Das Angebot erinnert an das eines Seekreuzfahrtschiffes. An Bord gibt es mehrere Restaurants. Eines ist das Al-Fresco-Restaurant am Bug des Schiffes, dessen bodentiefe Panoramafenster komplett geöffnet werden können. Zusätzlich verfügt es über einen großen Außenbereich. An langen Theken sollen hier Büffets und Getränkestationen aufgebaut werden. An Bord befinden sich zudem insgesamt fünf Bars und mehrere Lounges. Ferner verfügt der Neubau, der ebenfalls Mitte Juli in Grein, Österreich, getauft wurde, über ein Kino, eine Boutique und einen großzügigen Wellnessbereich mit Coiffeur und Nagelstudio. Am Heck befindet sich eine Marina. Die etwa 40m2 große Plattform kann bei Bedarf abgesenkt werden, sodass Passagiere von dort aus Wassersport betreiben können.

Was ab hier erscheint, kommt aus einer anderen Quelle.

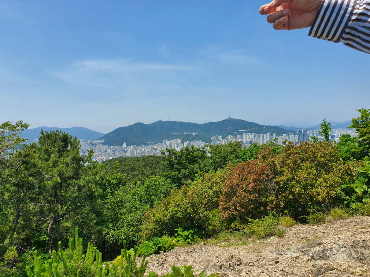 추모공원에서 내려가면서 좌를 보니 황령산과 금련산이 시야에 들어 온다.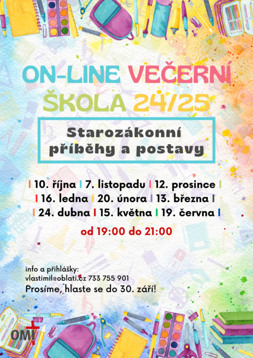Už popáté zveme všechny zájemce o prohloubení teologických znalostí a různých otázek naší víry do školy! V letošním roce se budeme zvláště věnovat vybraným kapitolám Starého zákona. Výuka a sdílení budou opět probíhat on-line prostřednictvím osvědčené platformy Zoom. Prosíme již "otřelé" studenty, ale i úplné nováčky, aby se do školy hlásili nejpozději do 30. září, a to na adresu vlastimil@oblati.cz

Im Dezember 2017 erfolgte der Baubeginn auf der Vahali-Werft bei Belgrad, hier entstand die komplette Hülle, Kasko und Aufbauten mit allen Stahlarbeiten und Verglasungen. In der zur selben Gruppe gehörenden Werft in Gendt in den Niederlanden wurde dann die komplette Inneneinrichtung und elektrische Verkabelung installiert sowie die Kabinen und Küchengeräte eingebaut. Auch die Maschinenanlage wurde hier eingesetzt. Neben sechs Dieselgeneratorsätzen stehen für den Antrieb vier Scania-Diesel mit je 750 PS zur Verfügung, deren Leistung durch vier Visedo PM-Elektromotoren auf 1.100 PS erweitert werden kann. »Damit haben wir ein Hybrid-Modell. Wir können theoretisch sogar nur allein mit dem Elektromotor fahren. Und die Dieselmotoren erfüllen die Abgasnorm«, sagt Koert Kamphuisen, Konstrukteur des Schiffes und Chef der niederländischen Kamphuisen-Gruppe.
Auch A-Rosa baut größeres Schiff
A-Rosa bringt 2021 ebenfalls ein Schiff auf den Markt, das mit 17,70m breiter ist als die heutigen Einheiten. Gefertigt wird es von der niederländischen Concordia Damen Werft. Mit dem Rhein-Neubau, der über vier Decks verfügt, soll das Erlebnis für Familien an Bord noch weiter optimiert werden. Nach Reedereiangaben gehören Familienkabinen für bis zu fünf Personen zur Ausstattung. Sämtliche Unterkünfte verfügen über Balkone. Ein separater Kinderpool sowie ein eigener Restaurantbereich für die Kleinen sind ebenfalls Bestandteil des sogenannten E-Motion-Schiffes. Darüber hinaus gibt es eine eigene Family Area mit einem stationären Kids Club.
Durch die von der Werft patentierte Luftblasentechnik soll der Dieselverbrauch maßgeblich gesenkt werden. Lutter rechnet mit Einsparungen von etwa 8% allein durch dieses System. Zudem schaltet das Schiff bei Anfahrt auf die Städte vom diesel-elektrischen Antrieb auf Batteriebetrieb um und läuft diese somit emmisionsfrei und nahezu geräuschlos an.
»Dank dieser neuen Technologie werden wir in Zukunft der Lieblingsgast in den von uns besuchten Städten sein«, sagt A-Rosa-Chef Eichler.